Let $T$ be a smooth curve over a field $k$ and identfity two rational points $t_1\ne t_2$ on $T$. We get a finite birational morphism $T\to S$ of integral curves over $k$. Let $E\to T$ be an elliptic curve with non isomorphic fibers at $t_1, t_2$. Let $\eta$ be the common generic point of $T$ and $S$. Then I claim that $E_\eta$ has no Néron model over $S$.

Suppose that we have a Néron model $E'$ over $S$. As $E$ is the Néron model of $E_\eta$ over $T$, we get a birational morphism f: $E'\times_S T\to E$ which is an isomorphism away from $\{ t_1, t_2\}$. Denote by $E_i$ the fiber of $E$ over $t_i$. We have a morphism $f_i : E'_{s}\to E_i$ where $s$ is the image of $t_i$ in $S$.

  • We can not have $f_1, f_2$ both quasi-finite, because otherwise $f$ would be quasi-finite, hence an open immersion (Zariski's Main Theorem), so $f_1, f_2$ would be open immersions and $E_1$ would be birational, hence isomorphic to $E_2$.

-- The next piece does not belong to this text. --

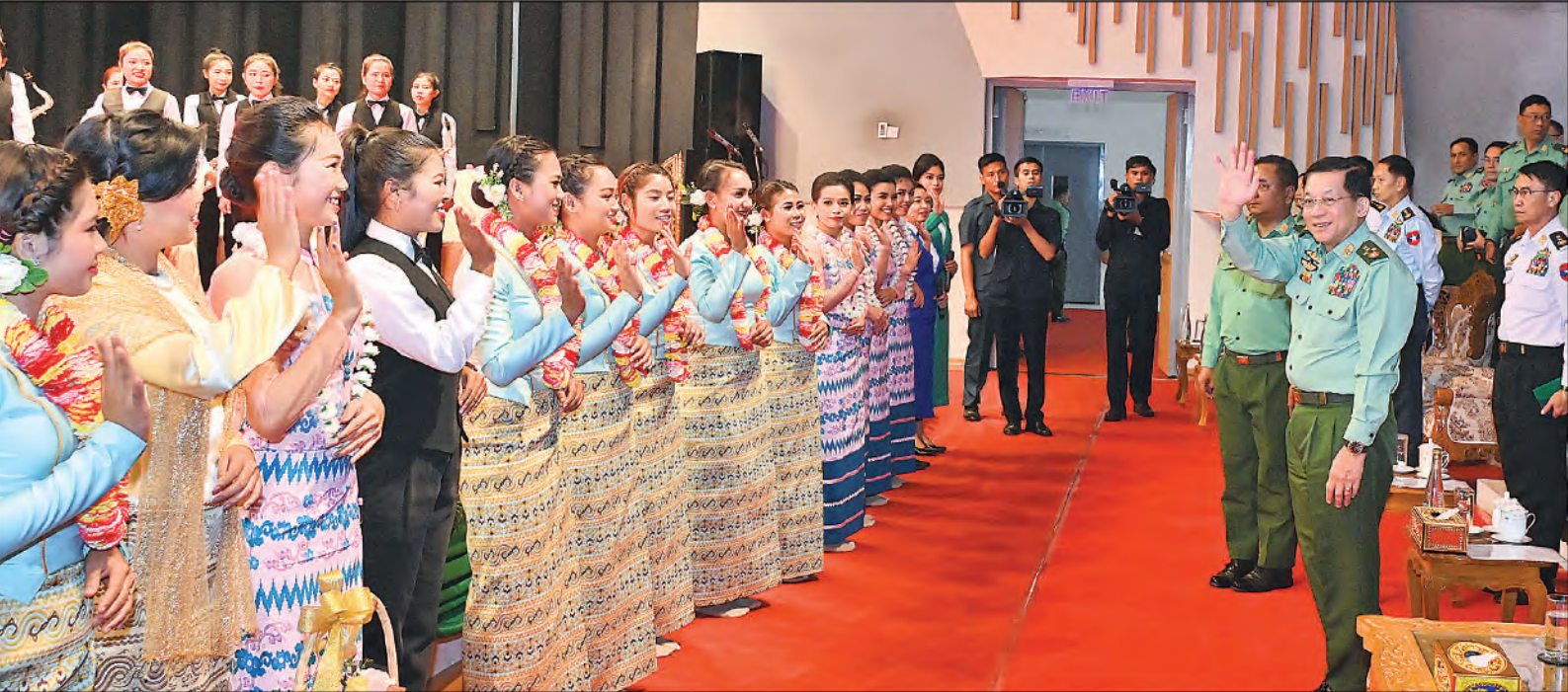
နိုင်ငံတော်စီမံအုပ်ချုပ်ရေးကောင်စီဥက္ကဋ္ဌ တပ်မတော်ကာကွယ်ရေးဦးစီးချုပ် ဗိုလ်ချုပ်မှူးကြီးမင်းအောင်လှိုင် အနုပညာရှင်များနှင့်ဖျော်ဖြေရေးအဖွဲ့များအား ရင်းရင်းနှီးနှီးနှုတ်ဆက်စဉ်။

ဆောင်ခဲ့ကြသည့် အငြိမ်းစားတပ်မတော် အရာရှိကြီးများ၊ ပြန်ကြားရေးဝန်ကြီးဌာနမှ တာဝန်ရှိသူများ၊ မြန်မာနိုင်ငံသတင်းမီဒီယာ ကောင်စီ၊ မြန်မာနိုင်ငံဂီတအစည်းအရုံး၊

  • Suppose $f_1$ is not quasi-finite, then it is constant. Now take two rational points of $E_\eta$ which specialize to two distinct rational points $a, b$ in $E_1$. By Néron property, they also have specializations in $E_s$. But the latter are mapped by $f_1$ respectively to $a$ and $b$. Contradiction.

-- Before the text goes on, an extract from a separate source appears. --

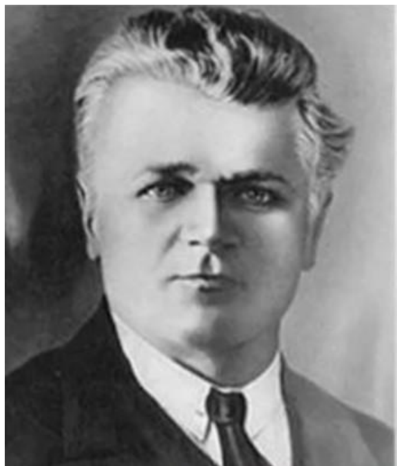
Шацкий Станислав Теофилович
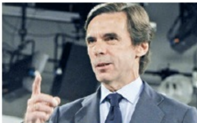
José María Aznar.

An idea to construct an example in higher dimension smooth basis: let $S$ be the affine plane containning a nodal curve passing through the origin $o$. Blow-up $o$ to get a smooth surface $T$ and consider an elliptic curve $E$ over $T$ with non isomorphic fibers at $t_1, t_2$ (intersection points of the exceptional divisor with the strict transform of the nodal curve). If any abelian scheme is the Néron model of its generic fiber (which seems reasonable if Néron model exists over regular base schemes), then similarily to the above we could prove that the generic fiber of $E$ has no Néron model over $S$.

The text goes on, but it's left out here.